Hé, daar had ze zich bijna verpraat. ‘Zouwen we nie gaon slaope, Hannes?’ wou ze zeggen, maar gelukkig hield ze zich in. Een kwartier nog bleef ze doorwerken, toen het haar bedunkens tijd werd om onder de wol te gaan. Ze stond op, stak met veel geraas haar voeten in haar klompen, schoof de lamp midden op tafel, trok de gewichten van de klok omhoog en plaatste de kousenben weer op de spinde in den hoek van 't vertrek.
Hannes, die de beteekenis van al die bewegingen wel begreep, stond eveneens stilzwijgend op, ging naar achter en voor om de deuren te sluiten, en tien minuten later lag het echtpaar vreedzaam onder de wol, van weerszijden vast besloten met spreken te wachten, tot de ander was begonnen.
Trien had weer op 't punt gestaan van haar spraakorganen gebruik te maken, toen ze Hannes vragen wilde, ‘of de kat wel in 't achterhuis was.’ Maar ze bedacht zich intijds, sloot haar mond wat vaster toe dan gewoonlijk en volgde spoedig haar echtvriend na, door evenals deze in den slaap vergetelheid te zoeken voor de aardsche beslommeringen.
't Werd morgen. De dag scheen reeds door de lichtgaten van de gesloten vensters en zoo even had de hangklok zeven tjingelende slagen doen hooren, maar Hannes en Trien lagen nog rustig onder de dekens. Reeds drie, vier malen had Trien hem een vrij stevigen stomp met de ellebogen toegediend, hem aldus beduidende, dat hij ‘er uit’ moest, dat het hoog tijd werd, maar Hannes hield zich Oostindisch doof of liever ongevoelig. Hij bleef rustig liggen en toonde geen de minste neiging om zijn warm verblijf te verlaten. 't Werd Trien al meer en meer duidelijk, dat Hannes niet wilde, en toen een hernieuwde stomp nog geen uitwerking op hem had, besloot ze zijn voorbeeld te volgen en te blijven liggen. Er mocht van komen wat wilde, toegeven zou ze nu eens niet.

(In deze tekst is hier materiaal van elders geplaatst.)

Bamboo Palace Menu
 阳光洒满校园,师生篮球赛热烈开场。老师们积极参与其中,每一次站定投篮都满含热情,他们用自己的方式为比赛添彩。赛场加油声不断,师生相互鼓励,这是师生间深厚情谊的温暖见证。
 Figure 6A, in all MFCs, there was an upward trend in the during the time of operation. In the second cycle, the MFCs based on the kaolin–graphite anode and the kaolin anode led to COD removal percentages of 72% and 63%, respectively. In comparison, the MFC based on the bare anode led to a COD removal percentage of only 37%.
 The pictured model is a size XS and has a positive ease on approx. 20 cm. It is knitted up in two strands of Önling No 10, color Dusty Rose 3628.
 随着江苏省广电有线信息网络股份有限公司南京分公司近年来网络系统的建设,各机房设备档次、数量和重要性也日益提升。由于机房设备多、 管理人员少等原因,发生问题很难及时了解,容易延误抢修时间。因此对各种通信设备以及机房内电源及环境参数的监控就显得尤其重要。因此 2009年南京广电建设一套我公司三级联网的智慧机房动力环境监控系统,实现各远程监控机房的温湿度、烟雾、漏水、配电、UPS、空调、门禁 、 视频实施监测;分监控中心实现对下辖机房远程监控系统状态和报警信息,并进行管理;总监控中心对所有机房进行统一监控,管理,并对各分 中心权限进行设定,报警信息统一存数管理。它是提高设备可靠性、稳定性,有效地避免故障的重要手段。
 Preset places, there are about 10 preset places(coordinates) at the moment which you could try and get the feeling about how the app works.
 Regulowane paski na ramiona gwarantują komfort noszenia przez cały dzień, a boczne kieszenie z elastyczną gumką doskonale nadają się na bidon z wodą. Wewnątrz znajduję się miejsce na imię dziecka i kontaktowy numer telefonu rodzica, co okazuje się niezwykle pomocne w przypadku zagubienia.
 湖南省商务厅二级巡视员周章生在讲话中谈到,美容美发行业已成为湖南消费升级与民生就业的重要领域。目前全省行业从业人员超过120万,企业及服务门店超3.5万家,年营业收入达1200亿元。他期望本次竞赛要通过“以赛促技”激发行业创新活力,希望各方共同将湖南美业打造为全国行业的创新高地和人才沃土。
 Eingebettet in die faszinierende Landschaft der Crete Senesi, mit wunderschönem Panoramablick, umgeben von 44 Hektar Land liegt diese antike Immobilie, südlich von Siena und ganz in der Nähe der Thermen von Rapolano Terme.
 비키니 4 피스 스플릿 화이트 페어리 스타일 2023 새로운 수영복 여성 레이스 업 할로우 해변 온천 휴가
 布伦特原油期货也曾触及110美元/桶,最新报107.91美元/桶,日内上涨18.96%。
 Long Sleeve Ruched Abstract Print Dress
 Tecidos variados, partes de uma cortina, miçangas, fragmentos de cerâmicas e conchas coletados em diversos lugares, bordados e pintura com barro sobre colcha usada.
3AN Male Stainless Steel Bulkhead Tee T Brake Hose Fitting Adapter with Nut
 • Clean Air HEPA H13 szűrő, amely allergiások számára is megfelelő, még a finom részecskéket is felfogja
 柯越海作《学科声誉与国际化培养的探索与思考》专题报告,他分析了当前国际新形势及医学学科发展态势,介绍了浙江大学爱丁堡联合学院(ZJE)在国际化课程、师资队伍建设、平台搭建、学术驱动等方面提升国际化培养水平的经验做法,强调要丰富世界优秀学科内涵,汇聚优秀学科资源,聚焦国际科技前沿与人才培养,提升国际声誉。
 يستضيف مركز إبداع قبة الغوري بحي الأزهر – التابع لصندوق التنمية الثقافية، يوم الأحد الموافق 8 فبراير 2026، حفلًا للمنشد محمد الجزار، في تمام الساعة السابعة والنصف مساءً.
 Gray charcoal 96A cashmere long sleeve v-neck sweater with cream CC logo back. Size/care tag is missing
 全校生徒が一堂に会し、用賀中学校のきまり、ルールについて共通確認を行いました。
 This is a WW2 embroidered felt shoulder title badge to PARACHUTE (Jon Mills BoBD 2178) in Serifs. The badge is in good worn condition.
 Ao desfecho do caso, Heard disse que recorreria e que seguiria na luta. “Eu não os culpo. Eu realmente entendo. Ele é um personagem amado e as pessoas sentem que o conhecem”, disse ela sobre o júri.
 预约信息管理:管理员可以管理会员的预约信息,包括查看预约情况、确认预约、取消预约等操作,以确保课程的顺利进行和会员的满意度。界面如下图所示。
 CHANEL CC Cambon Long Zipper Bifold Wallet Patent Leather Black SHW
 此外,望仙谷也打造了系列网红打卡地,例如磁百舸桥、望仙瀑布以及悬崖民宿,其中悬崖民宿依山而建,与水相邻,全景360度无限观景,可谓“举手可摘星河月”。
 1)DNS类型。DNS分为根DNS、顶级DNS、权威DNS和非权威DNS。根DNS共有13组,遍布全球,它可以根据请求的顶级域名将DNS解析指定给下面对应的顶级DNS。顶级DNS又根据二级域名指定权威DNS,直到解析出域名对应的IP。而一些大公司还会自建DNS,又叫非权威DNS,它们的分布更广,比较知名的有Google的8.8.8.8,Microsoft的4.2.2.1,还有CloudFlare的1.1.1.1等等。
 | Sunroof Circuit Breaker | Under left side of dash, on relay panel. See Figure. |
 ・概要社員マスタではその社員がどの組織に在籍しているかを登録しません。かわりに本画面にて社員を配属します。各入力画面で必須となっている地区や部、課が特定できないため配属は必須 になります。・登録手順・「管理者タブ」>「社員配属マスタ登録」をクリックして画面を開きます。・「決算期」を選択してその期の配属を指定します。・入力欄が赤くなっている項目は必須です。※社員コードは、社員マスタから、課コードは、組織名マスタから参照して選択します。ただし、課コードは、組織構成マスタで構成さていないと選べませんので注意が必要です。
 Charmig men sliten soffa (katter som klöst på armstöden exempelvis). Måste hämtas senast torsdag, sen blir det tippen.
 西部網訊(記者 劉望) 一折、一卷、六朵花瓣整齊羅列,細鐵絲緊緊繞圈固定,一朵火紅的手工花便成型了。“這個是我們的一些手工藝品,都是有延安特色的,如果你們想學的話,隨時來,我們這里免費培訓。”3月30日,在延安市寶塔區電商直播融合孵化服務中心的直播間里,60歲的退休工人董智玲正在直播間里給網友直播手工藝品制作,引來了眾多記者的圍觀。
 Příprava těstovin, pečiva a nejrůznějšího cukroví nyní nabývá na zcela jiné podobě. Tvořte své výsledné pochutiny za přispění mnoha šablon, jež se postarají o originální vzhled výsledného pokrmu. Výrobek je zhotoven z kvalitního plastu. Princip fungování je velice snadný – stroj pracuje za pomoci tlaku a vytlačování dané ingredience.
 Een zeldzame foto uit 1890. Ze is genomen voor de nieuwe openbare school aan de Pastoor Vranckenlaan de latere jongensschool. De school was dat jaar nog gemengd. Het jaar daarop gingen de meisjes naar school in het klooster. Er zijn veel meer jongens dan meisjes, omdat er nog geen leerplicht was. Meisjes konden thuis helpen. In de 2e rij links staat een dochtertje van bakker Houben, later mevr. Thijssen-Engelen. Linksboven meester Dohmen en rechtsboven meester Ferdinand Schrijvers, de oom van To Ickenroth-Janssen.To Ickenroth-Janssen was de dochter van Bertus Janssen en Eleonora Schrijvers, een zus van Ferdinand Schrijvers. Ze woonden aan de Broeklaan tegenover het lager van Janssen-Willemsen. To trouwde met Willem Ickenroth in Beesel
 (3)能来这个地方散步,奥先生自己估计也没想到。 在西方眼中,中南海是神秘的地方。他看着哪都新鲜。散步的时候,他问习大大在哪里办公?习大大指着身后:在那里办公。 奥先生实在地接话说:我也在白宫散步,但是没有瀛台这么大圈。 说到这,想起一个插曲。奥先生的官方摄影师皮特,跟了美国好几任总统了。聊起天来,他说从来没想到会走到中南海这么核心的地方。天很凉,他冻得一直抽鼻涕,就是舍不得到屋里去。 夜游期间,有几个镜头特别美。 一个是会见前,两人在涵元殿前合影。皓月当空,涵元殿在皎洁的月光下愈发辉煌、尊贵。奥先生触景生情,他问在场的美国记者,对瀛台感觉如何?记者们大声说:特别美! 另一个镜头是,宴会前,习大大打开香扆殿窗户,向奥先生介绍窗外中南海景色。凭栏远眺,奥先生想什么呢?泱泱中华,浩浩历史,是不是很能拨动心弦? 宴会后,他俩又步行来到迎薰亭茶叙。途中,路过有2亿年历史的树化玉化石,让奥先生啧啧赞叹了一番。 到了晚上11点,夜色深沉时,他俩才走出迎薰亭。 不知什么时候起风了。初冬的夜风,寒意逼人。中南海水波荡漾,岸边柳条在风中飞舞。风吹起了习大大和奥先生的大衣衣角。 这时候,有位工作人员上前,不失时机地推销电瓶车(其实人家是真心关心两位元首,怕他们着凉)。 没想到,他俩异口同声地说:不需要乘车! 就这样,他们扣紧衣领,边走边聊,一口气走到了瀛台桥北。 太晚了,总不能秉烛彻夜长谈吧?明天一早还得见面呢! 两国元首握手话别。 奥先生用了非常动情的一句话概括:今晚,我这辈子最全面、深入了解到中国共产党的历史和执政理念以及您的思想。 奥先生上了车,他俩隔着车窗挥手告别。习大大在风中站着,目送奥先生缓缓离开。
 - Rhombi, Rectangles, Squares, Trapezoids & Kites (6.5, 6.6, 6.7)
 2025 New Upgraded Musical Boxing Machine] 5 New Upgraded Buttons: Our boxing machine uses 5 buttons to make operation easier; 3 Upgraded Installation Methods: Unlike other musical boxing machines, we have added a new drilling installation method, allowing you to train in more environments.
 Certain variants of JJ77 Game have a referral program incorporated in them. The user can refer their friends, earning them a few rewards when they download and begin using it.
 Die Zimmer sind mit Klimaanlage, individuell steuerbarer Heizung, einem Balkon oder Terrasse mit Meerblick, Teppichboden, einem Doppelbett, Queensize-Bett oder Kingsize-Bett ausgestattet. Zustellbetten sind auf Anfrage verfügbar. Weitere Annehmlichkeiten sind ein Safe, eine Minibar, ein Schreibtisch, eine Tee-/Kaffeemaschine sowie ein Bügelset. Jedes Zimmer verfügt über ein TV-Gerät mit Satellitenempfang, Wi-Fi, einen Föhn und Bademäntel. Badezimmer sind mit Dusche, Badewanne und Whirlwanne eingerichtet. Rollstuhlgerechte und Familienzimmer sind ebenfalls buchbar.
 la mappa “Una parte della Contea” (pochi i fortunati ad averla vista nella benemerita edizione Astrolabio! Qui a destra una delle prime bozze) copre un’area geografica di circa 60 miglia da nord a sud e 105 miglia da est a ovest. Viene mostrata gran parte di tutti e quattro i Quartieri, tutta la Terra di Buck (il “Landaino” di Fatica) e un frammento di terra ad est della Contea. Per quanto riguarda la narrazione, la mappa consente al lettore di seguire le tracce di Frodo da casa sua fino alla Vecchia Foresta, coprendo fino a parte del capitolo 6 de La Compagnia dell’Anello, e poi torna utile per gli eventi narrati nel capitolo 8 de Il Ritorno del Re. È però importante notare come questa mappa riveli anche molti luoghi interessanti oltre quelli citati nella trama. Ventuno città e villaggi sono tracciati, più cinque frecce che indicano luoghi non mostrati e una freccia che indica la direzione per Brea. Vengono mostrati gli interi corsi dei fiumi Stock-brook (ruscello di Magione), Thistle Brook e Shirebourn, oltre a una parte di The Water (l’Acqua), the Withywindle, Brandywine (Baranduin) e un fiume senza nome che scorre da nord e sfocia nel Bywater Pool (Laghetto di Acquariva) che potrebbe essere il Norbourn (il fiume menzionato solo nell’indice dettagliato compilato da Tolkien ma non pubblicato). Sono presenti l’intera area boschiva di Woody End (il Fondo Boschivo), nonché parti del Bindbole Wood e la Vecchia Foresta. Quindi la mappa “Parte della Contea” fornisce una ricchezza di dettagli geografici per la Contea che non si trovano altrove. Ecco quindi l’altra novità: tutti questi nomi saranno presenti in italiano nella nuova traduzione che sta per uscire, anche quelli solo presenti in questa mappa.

Intusschen begonnen zich ook buiten de slaapkamer de gevolgen te vertoonen van den ongewonen gang van zaken. In den stal begonnen de viervoeters erg onrustig te worden. Ze waren gewoon 's morgens in de vroegte een bezoek van baas en vrouw te ontvangen en hun rantsoen te nuttigen. Nu stonden ze met een leege maag en gaven luide hun ongenoegen te kennen over de schromelijke verwaarloozing, waarvan zij de slachtoffers waren. De koeien stonden met de voorpooten op den vloer, de eene loeiende, een andere woest schuddende met den kop, weer een andere met uitgerekten nek en schurende het laatste spoor van hooi naar zich toehalende. De schapen in hun hok liepen onrustig door elkander en stonden een volgend oogenblik saamgedrongen bij den hoek van de deur. Hun luid geblaat bewees, dat ook bij 't schaap, het beeld der lijdzaamheid, de natuur haar rechten gelden doet. De varkens maakten een leven als een oordeel, staken de koppen knorrende en schreeuwende over den rand van hun hok, drongen, beten, vochten en tierden als bezetenen. Gehinnik en getrappel van paarden, kakelen en scharrelen van kippen; geloei, geblaat, geschreeuw, geknor, 't gaf een leven, dat zeker door de geheele buurt gehoord kon worden. Zelfs poes werkte mee in 't concert en stond met hoogen rug en opgerichten staart voor de kamerdeur te miauwen om binnengelaten te worden.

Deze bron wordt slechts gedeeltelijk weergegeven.